# TASK ITEM
Each line from the first line of the entries through the line holding "Ele gelir, her" is to be restated word for word; nothing else, and no picture, belongs in the answer.

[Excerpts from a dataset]
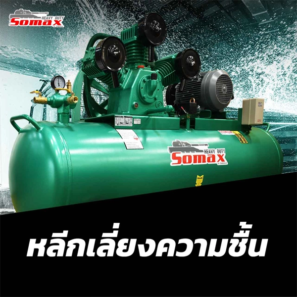 ปั๊มลมเป็นอุปกรณ์ที่ต้องใช้ไฟฟ้าช่วยในการขับเคลื่อนให้ทำงาน เพราะฉะนั้น การอยู่ในพื้นที่ที่มีความชื้น ย่อมส่งผลเสียให้กับอุปกรณ์ไฟฟ้าต่างๆ ไม่ว่าจะเป็นมอเตอร์ เพรสเชอร์สวิทช์ ซึ่งถ้าหากมีความชื้นเยอะ ก็จะทำให้อุปกรณ์เหล่านี้เสียหายได้ และปั๊มลมก็จะมีส่วนประกอบส่วนใหญ่เป็นเหล็ก ซึ่งการอยู่ในที่ที่มีความชื้นก็มักจะก่อให้เกิดสนิมขึ้นตามจุดต่างๆ ไม่ว่าจะเป็นหัวปั๊ม ข้อต่อ สนิมภายในถัง และบริเวณอื่นๆ การติดตั้งปั๊มลมในที่ความชื้นสูงก็จะส่งผลให้มีน้ำค้างอยู่ในถังลมเยอะกว่าปกติ ถ้าหากไม่ถ่ายน้ำออกจากถังลมบ่อยๆ ก็จะทำให้ความจุของปั๊มลมลดน้อยลง ถ้าหากเลี่ยงพื้นที่ที่มีความชื้นสูงไม่ได้ ก็ควรถ่ายน้ำออกจากปั๊มลมอย่างน้อยที่สุดวันละ 1 ครั้ง หรือ 2 ครั้งในกรณีที่ใช้งานต่อเนื่องทั้งวัน
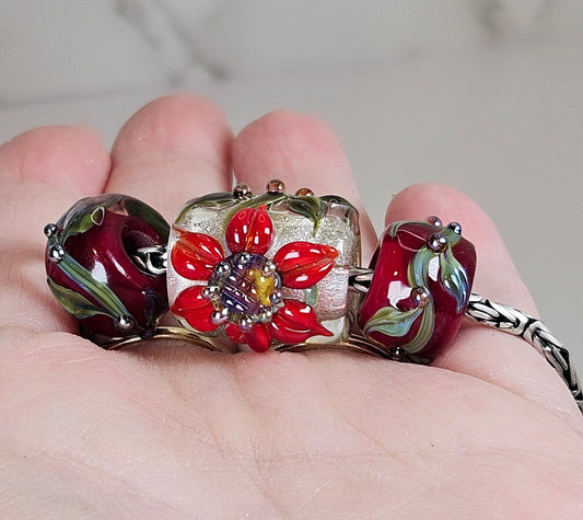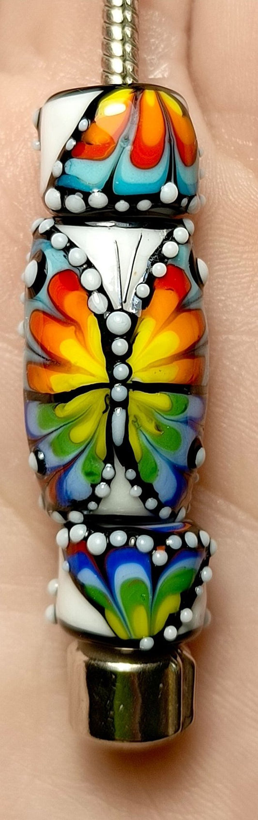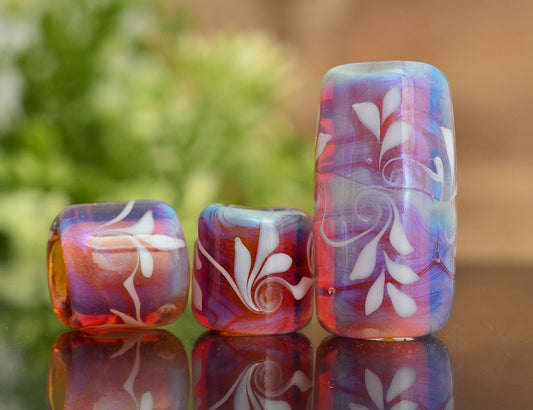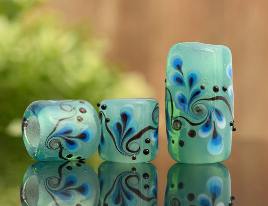 Our Lampwork beads are hand made by artists around the world, using a torch and glass rod which is fired and annealed in a kiln for strength, and smoothed for use in show leads.
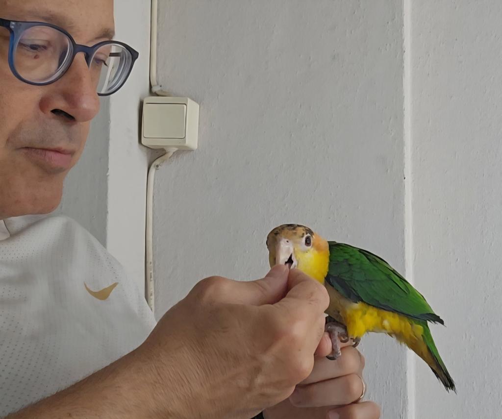 Ele gelir, her yerini sevdirir. Elden mama , çekirdek yer. Çok sevimli, keyifli daha 7 aylık öğrenmeye ve eğitilmeye hazır bir güzel bebek.
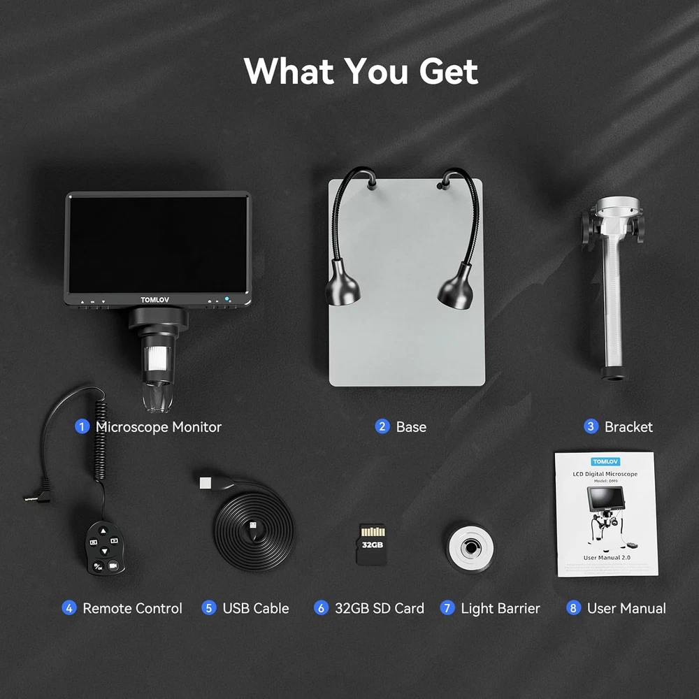 Tons of Fun and Applications: With easy-to-use operation and a wide range of applications, from micro soldering and rock inspection to coin and stamp observation, this coin microscope with screen is perfect for adults, students, and young learners, enhancing interaction between parents and kids, as well as teachers and students 7-Inch Rotatable FHD Screen: Equipped with a 12MP ultra-precise focusing camera and 1080P high-definition imaging, this LCD digital microscope captures high-quality images and videos, delivering an incredible microscopic viewing experience. The rotatable (90-degree) screen design improves ergonomics and reduces eye and neck strain 5X-1200X Magnification: Allows you to zoom in and observe the tiniest details with a magnification range from 5X to 1200X. The 8 LED fill lights, plus 2 additional gooseneck lights, ensure a well-lit view. The actual magnification varies depending on the screen size and the distance between the camera and objects Hook Up to PC for a Larger View: Compatible with Windows and macOS, the PC view allows you to observe on a larger screen and facilitates data sharing and analysis. No additional software required—simply use the default apps: "Windows Camera" for Windows and "Photo Booth" for iMac/MacBook 32GB SD Card Included: This coin magnifier with light includes a 32GB Micro SD card, allowing you to store numerous photos and videos. Press and hold the menu button for 3 seconds to switch between “Photographing,” “Video Recording,” and “Playback” modes Solid Metal Frame Construction: Constructed with an aluminum alloy base, stand, and holder, this soldering microscope ensures long-term durability, making it ideal for micro soldering and PCB repairs Available Photo & Video Resolutions: Photo Resolution: 12MP (4023×3024), 10MP (3648×2736), 8MP (3264×2448), 5MP (2592×1944), 3MP (2048×1536). Video Resolution: 1080FHD (1920×1080), 1080P (1440×1080), 720P (1280×720). Please note that higher resolutions take up more storage space, and resolution may be limited when viewed on a PC Product Description The Most Popular 7" Soldering & Coin Microscope - TOMLOV DM9 1 Mass Storage 2 Capture & Record 1 Rechargeable Battery 2 Convenient Remote Control TOMLOV DM9 Digital Microscope - The Most Useful Tool for You & Your Child! Parameter Difference of TOMLOV DM9 Series Digital Microscope Customer Reviews 4.4 out of 5 stars 2,505 4.4 out of 5 stars 2,505 4.5 out of 5 stars 307 4.4 out of 5 stars 275 Price $69.99 $ 69 . 99 $72.99 $ 72 . 99 $89.99 $ 89 . 99 $129.99 $ 129 . 99 Screen Size 7" LCD Display 7" LCD Display 7" IPS Display 10.1" IPS Display Magnification 5X-1200X 5X-1200X 10X-1200X 5X-1500X Photo Resolution 12MP 12MP 16MP 20MP Video Resolution 1080P 1080P 1080P 1080P Stand Height 8.5" 8.5" 10" 12.6" Base Size 4.6"*6.5" 4.6"*6.5" 4.6"*7.8" 7"*8" Base Color Silver Black Black Black Compatible System Windows/macOS Windows/macOS Windows/macOS/HDMI Windows/macOS/HDMI SD Card 32GB 32GB 32GB 64GB
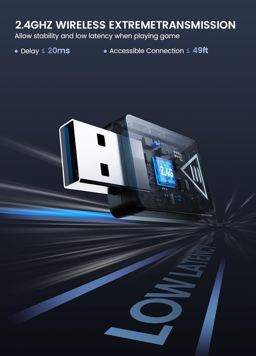 - 2.4GHz Ultra-Low Latency: Better than bluetooth, the E1000WT wireless gaming headset with USB dongle, acheive stable and lossless sound quality transmission with 2.4 GHz lossless wireless technology (<35 ms delay), which eusures an immersive lag-free wireless gaming experience and gives you a competitive edge in fast-paced games.
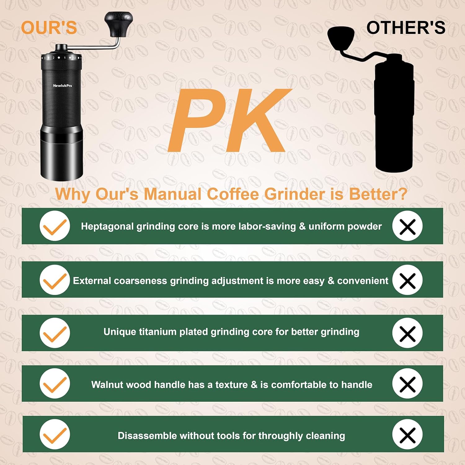 UPGRATED MANUAL GRINDER — NewlukPro M7 Pro coffee grinder manual has anti slip aluminum alloy body,unique Titanium coating Heptagonal mill burr & comfortable wooden handle.It saves physical strength & outputs evenly coffee powder.Our manual coffee bean grinder has consistent uniform grinding & high grinding efficiency ! Helps you make a freshly ground delicious coffee when you want !
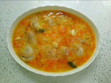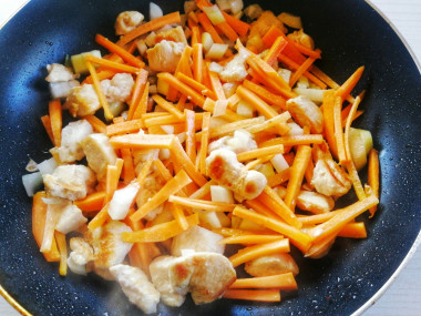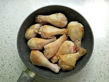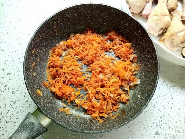 Курица у меня в виде ножек, которые заранее разморозила в холодильнике. Обжарила их на сильном огне, чтобы схватилась корочка. На той же сковороде слегка обжарила лук и морковь.
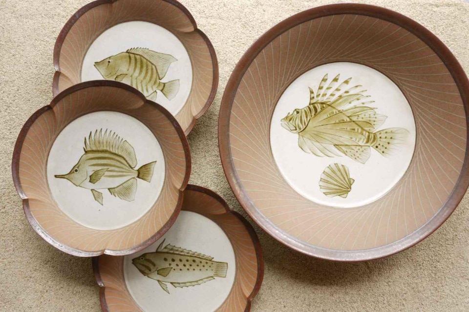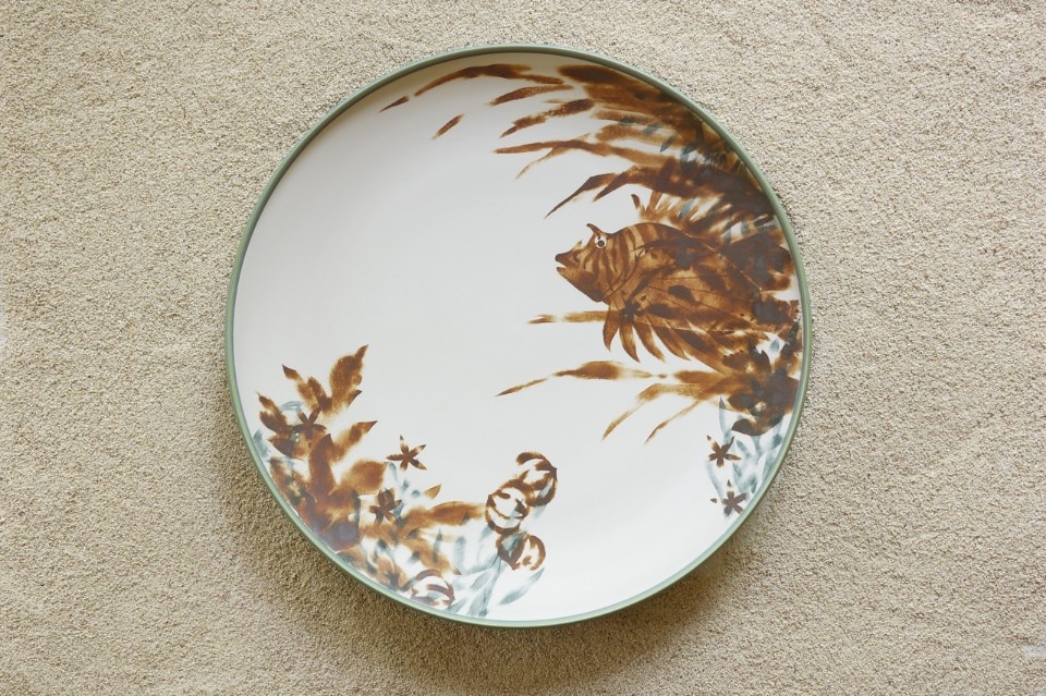 Più precisamente la tecnica utilizzata per le serie dei pesci e dei fiori è la nunozome. Applicando un tessuto non-tessuto della forma desiderata alla ceramica durante la fase di biscottatura e facendo sgocciolare un pigmento precedentemente diluito con acqua si ottiene il disegno. Caratteristica di questa tecnica sono gli effetti di trasparenza che è possibile ottenere, ripetendo l’operazione. Per la serie dei fiori a questa tecnica si aggiunge quella dello smalto, versato con un mestolo, e che richiede un ottimo controllo del gesto. A proposito del suo lavoro Koki Ohara dice che si basa su tre semplici assunti: bellezza della forma, originalità e dignità.

# WRITTEN REPLY
 ปั๊มลมเป็นอุปกรณ์ที่ต้องใช้ไฟฟ้าช่วยในการขับเคลื่อนให้ทำงาน เพราะฉะนั้น การอยู่ในพื้นที่ที่มีความชื้น ย่อมส่งผลเสียให้กับอุปกรณ์ไฟฟ้าต่างๆ ไม่ว่าจะเป็นมอเตอร์ เพรสเชอร์สวิทช์ ซึ่งถ้าหากมีความชื้นเยอะ ก็จะทำให้อุปกรณ์เหล่านี้เสียหายได้ และปั๊มลมก็จะมีส่วนประกอบส่วนใหญ่เป็นเหล็ก ซึ่งการอยู่ในที่ที่มีความชื้นก็มักจะก่อให้เกิดสนิมขึ้นตามจุดต่างๆ ไม่ว่าจะเป็นหัวปั๊ม ข้อต่อ สนิมภายในถัง และบริเวณอื่นๆ การติดตั้งปั๊มลมในที่ความชื้นสูงก็จะส่งผลให้มีน้ำค้างอยู่ในถังลมเยอะกว่าปกติ ถ้าหากไม่ถ่ายน้ำออกจากถังลมบ่อยๆ ก็จะทำให้ความจุของปั๊มลมลดน้อยลง ถ้าหากเลี่ยงพื้นที่ที่มีความชื้นสูงไม่ได้ ก็ควรถ่ายน้ำออกจากปั๊มลมอย่างน้อยที่สุดวันละ 1 ครั้ง หรือ 2 ครั้งในกรณีที่ใช้งานต่อเนื่องทั้งวัน
 Our Lampwork beads are hand made by artists around the world, using a torch and glass rod which is fired and annealed in a kiln for strength, and smoothed for use in show leads.
 Ele gelir, her yerini sevdirir. Elden mama , çekirdek yer. Çok sevimli, keyifli daha 7 aylık öğrenmeye ve eğitilmeye hazır bir güzel bebek.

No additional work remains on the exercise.